Additionally, although women were liberated, the notion of gender equality was never fully acknowledged in China - even to this day. Families continue to want boys over girls, abandon girls to support sons, give men better jobs - even if a woman can do it such as manager or a C-role ect. ect. Certainly, it was a step up from the previous inequality level, however, it wasn't worth the 20 million lives lost. And even though you say that was only 0.02% of the population, it is still 20 million people. 20 million people died. For a revolution that didn't do much good. Even the Nazis killed less people during World War 2 - and that was a world war...this was a revolution.
Women living in China during the Cultural Revolution continue to be affected by the trauma today. One such woman is Ping Fu, who at age 8 was taken from her home by Red Guards and forced to live in a government dormitory in Nanjing. According to Forbes, at the dormitory Ping was "brainwashed, starved, tortured and gang raped." Millions of women went through this suffering, and thousands still have to live with the trauma.
You said that the citizens of China became "manipulated and brainwashed with the ideology of Maoism" which is a huge over-exaggeration. Mao promoted critical thinking and socialist values to help benefit the future of China. Nationwide admission exams were abolished, making it possible for peasants, workers and soldiers to attend university.
Furthermore, you have mentioned that "gender equality was never fully acknowledged in China" but in actual fact, women made substantial gains from the Cultural Revolution that they wouldn't have made otherwise. Many received higher paying industrial jobs, became political leaders and challenge women's inferiority. If it wasn't for the revolution, men in China would still have the ability to marry as many women as they wanted and to divorce them as they pleased. If there was no Cultural Revolution, there would have been no change to the inequality of genders. The idea of Maoism was to create a classless society where no one was deemed better than anyone else, and where everyone was equal.
The achievements of the Cultural Revolution deserve recognition as the most advanced form of a socialist transformation to date. Thus, it is important to avoid the idealized picture of the Chinese Cultural Revolution.

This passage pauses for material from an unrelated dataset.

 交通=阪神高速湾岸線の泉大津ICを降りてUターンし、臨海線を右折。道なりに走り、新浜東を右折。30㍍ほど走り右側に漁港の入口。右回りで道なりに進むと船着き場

- Chinese literacy rates rose. However, this mainly benefited the poor and agriculture/farm workers. This had a reverse effect on the middle to upper-class and the educated. (sent to the country side, deprived of opportunities ect.) Also the education system was badly hurt and took many years to repair.
- Practically destroyed the Chinese economy and government. Restorations took years.

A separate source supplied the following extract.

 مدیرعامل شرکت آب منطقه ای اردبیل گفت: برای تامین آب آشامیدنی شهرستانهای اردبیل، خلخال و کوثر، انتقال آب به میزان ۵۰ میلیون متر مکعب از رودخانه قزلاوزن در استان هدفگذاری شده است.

- Ruined generations of families who were targets of the revolution.
- Many citizens lost their possessions. Politicians, landowners, and the high class society lost their jobs and properties.

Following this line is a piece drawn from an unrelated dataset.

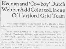 - ↑ "Keenan and 'Cowboy' Dutch Webber Add Color to Lineup Of Hartford Grid Team". The Standard Union. October 8, 1926. p. 11 – via Newspapers.com.

- Suicide, murder and violence rate increased.
- The upheavals of the Cultural Revolution and the hostility to the intellectual elite is widely accepted to have damaged the quality of education in China, especially at the upper end of education system. However, the radical policies also provided many in the rural communities with middle school education for the first time, which is thought to have facilitated the rural economic development in the 70s and 80s. Similarly, a large number of health personnel were deployed to the countryside as barefoot doctors during the Cultural Revolution. Some farmers were given informal medical training, and health-care centres were established in rural communities. This process led to a marked improvement in the health and the life expectancy of the general population.
- Womens rights were liberated and a greater sense of equality was achieved.